Would you output all the lines below precisely as they stand, leaving each picture out?

• [Recorded information]:
- - - -

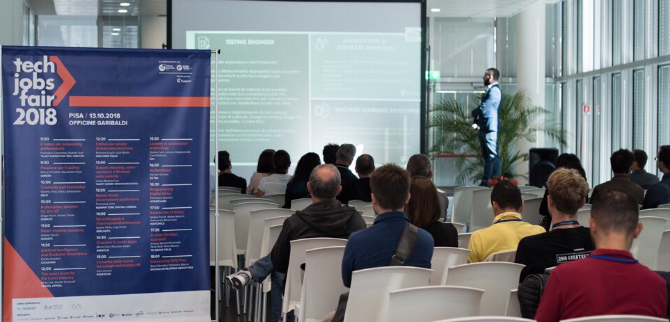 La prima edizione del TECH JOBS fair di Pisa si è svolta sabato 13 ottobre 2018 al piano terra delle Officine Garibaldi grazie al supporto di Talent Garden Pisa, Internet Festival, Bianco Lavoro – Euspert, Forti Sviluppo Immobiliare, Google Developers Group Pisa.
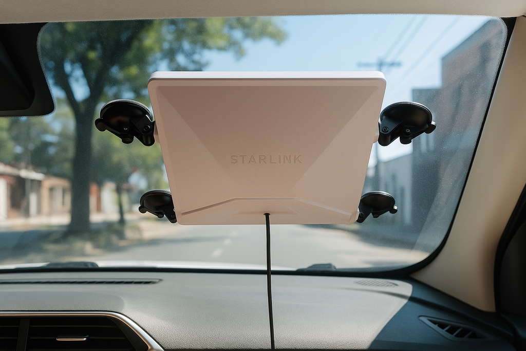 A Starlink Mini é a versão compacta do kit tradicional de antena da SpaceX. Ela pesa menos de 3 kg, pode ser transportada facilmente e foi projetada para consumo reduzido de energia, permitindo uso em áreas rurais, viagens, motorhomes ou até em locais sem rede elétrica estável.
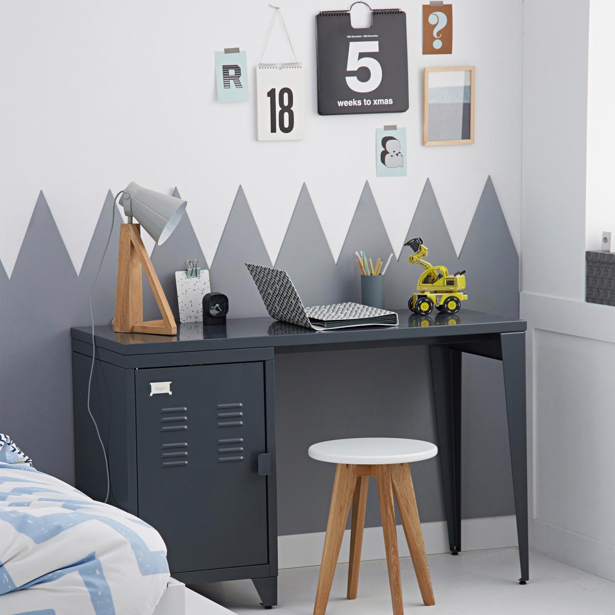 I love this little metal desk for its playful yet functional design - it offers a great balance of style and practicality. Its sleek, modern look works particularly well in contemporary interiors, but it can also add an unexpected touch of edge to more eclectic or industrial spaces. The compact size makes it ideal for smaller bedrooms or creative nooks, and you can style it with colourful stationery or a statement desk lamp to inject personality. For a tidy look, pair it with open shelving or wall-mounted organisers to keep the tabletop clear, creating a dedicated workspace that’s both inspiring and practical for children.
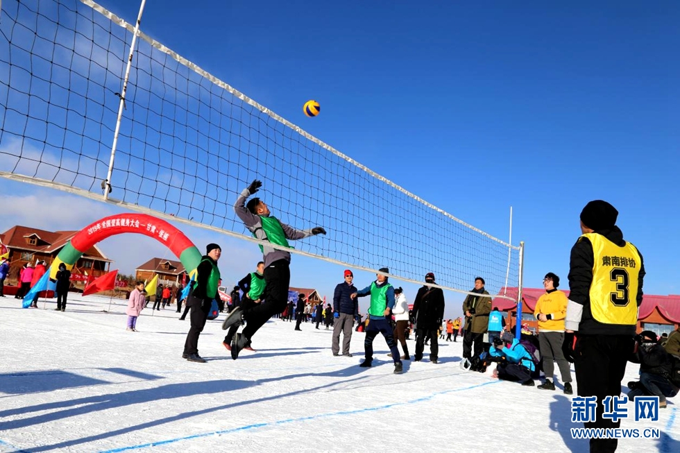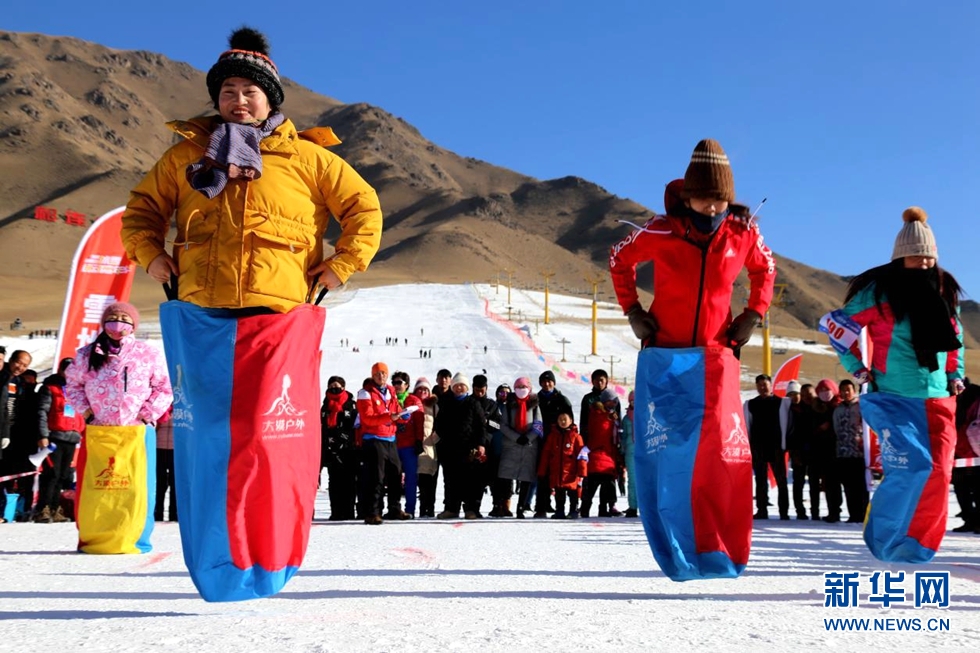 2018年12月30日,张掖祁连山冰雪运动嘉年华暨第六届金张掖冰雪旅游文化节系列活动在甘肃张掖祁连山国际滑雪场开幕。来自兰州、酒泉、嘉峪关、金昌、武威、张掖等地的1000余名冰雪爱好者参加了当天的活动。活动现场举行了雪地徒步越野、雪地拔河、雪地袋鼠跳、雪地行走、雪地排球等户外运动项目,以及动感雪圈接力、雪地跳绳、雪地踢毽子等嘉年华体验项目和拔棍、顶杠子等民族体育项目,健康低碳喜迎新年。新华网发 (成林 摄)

- - - -

• [Written solution]:
 La prima edizione del TECH JOBS fair di Pisa si è svolta sabato 13 ottobre 2018 al piano terra delle Officine Garibaldi grazie al supporto di Talent Garden Pisa, Internet Festival, Bianco Lavoro – Euspert, Forti Sviluppo Immobiliare, Google Developers Group Pisa.
 A Starlink Mini é a versão compacta do kit tradicional de antena da SpaceX. Ela pesa menos de 3 kg, pode ser transportada facilmente e foi projetada para consumo reduzido de energia, permitindo uso em áreas rurais, viagens, motorhomes ou até em locais sem rede elétrica estável.
 I love this little metal desk for its playful yet functional design - it offers a great balance of style and practicality. Its sleek, modern look works particularly well in contemporary interiors, but it can also add an unexpected touch of edge to more eclectic or industrial spaces. The compact size makes it ideal for smaller bedrooms or creative nooks, and you can style it with colourful stationery or a statement desk lamp to inject personality. For a tidy look, pair it with open shelving or wall-mounted organisers to keep the tabletop clear, creating a dedicated workspace that’s both inspiring and practical for children.
 2018年12月30日,张掖祁连山冰雪运动嘉年华暨第六届金张掖冰雪旅游文化节系列活动在甘肃张掖祁连山国际滑雪场开幕。来自兰州、酒泉、嘉峪关、金昌、武威、张掖等地的1000余名冰雪爱好者参加了当天的活动。活动现场举行了雪地徒步越野、雪地拔河、雪地袋鼠跳、雪地行走、雪地排球等户外运动项目,以及动感雪圈接力、雪地跳绳、雪地踢毽子等嘉年华体验项目和拔棍、顶杠子等民族体育项目,健康低碳喜迎新年。新华网发 (成林 摄)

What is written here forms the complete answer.